Let's hope not, because this Wednesday, 17th November is the launch date for a new book of "Selected Uncollected" poems by Kendrick Smithyman. It's at Old Government House in the Auckland University grounds, and it kicks off at 5.30 pm.




Thursday's Child has far to go
Friday's Child is loving and giving
Saturday's Child works hard for a living
But the child that is born on the sabbath day
is fair and wise and good and gay ...



I don't know which of those days matches up with Marco Sonzogni, but I have to say that he's been a tower of strength all through the fascinating process of revising my 2004 edition of Kendrick's translations from the Italian Modernists, Campana to Montale for republication by an Italian publisher, Edizioni Joker.
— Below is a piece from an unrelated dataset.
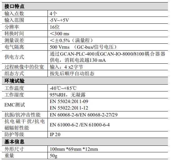 - GC-3604 模塊是集成 4 路-5V~+5V 模擬量輸入通道的 I/O 模塊。該模塊可用于實時采集模擬量信號,并將采集到的數(shù)值通過內(nèi)部總線發(fā)送給 GCAN-PLC-400或 GCAN-IO-8000/8100 系列耦合器

I'll be talking more about the book at the launch tomorrow, but unfortunately - though it's going through the press now - all I have to show off at present is a bound-up copy of the proof sheets (we're planning a more formal launch for it in Wellington, where Marco teaches, sometime early next year).
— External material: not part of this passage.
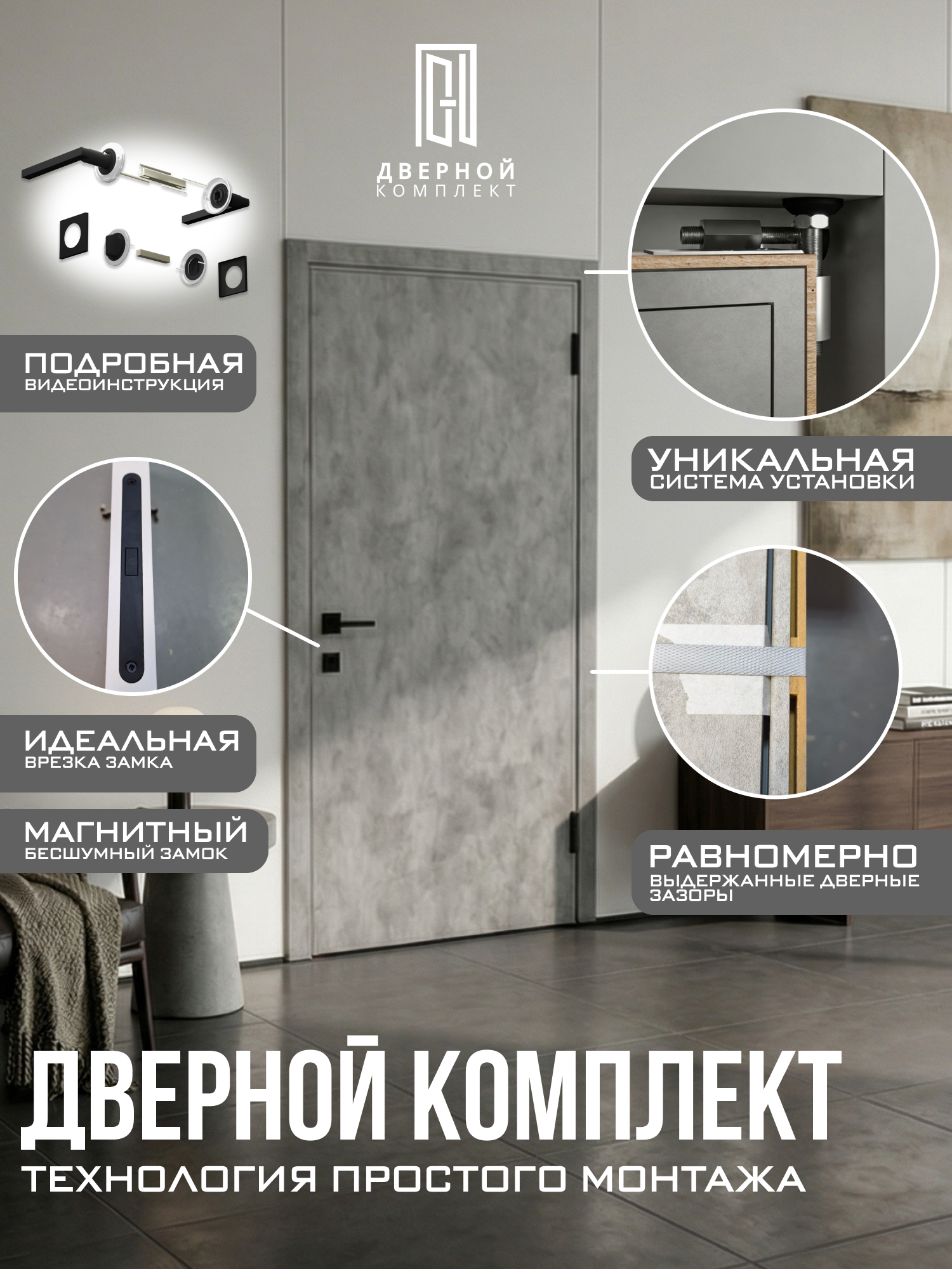 Простота установки осуществляется за счёт полной подготовки и сборки межкомнатной двери в готовый блок и уникальной технологии фиксации в дверном проёме, с помощью кронштейнов собственной разработки. В комплекте поставляются все необходимые комплектующие и инструмент

Paula Green's review of the first edition can be accessed here, and you can find fuller details of both editions at my bibliography site here.
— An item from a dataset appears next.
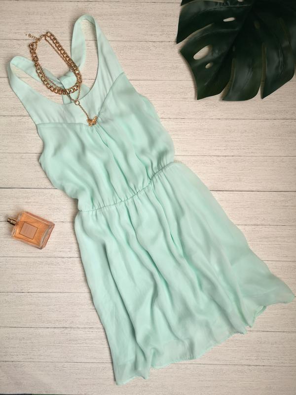 Шифонова сукня цікавого крою у м'ятному кольорі. Заміри: довжина від верхньої точки лямки до низу 85, ширина по грудях 41, ширина по поясу 30 (там резинка, тягнеться до 42), ширина по низу 78. Є підкладка, не світиться.

It's been great to have this chance to revisit the book six years on. There was a certain scepticism about the validity of so comprehensive a set of translations from a language which Smithyman couldn't speak when the book first appeared, so I have to say I feel a considerable sense of vindication when I see how seriously Marco and his fellow Italian poetry connoisseurs take Kendrick's versions from the Italian. They are - to be sure - more in the tradition of Lowell's Imitations (1961) than Nabokov's exhaustive, four-volume Eugene Onegin (1964), but then that's hardly a crime.

Ever since I first read them shortly after Kendrick's death in 1995, I've regarded these versions from the Italian as not only among his best and most accessible poems, but also as some of the finest verse translations I've ever read.

In any case, judge for yourself. Here's one of Kendrick's versions from Salvatore Quasimodo, who won the Nobel prize for literature in 1959:



Italy is My Country

The more days move off into distance
scattering themselves, the more they return
to hearts of the poets. There fields
of Poland, the Kutno plain with hill of corpses
burning in clouds of naphtha, there
barbed wire fences quarantining Israel,
refuse soaked with blood, the fever-pitch uprising,
the chains of wretches dead long ago,
struck down in their trenches dug by their own hands,
Buchenwald is there
that mild-mannered beech wood
with its accursed ovens: Stalingrad
and Minsk with its marshes and rotten snow.
Poets do not forget. Oh hordes of the lowly,
the conquered, those forgiven out of pity!
All things may pass, but the dead do not
sell themselves. My country is Italy,
felt to be alien more than estranged. I sing
the people, also their grief
muffled by sound of the sea, the mothers’
crystal-clear mourning: I sing the life of my country.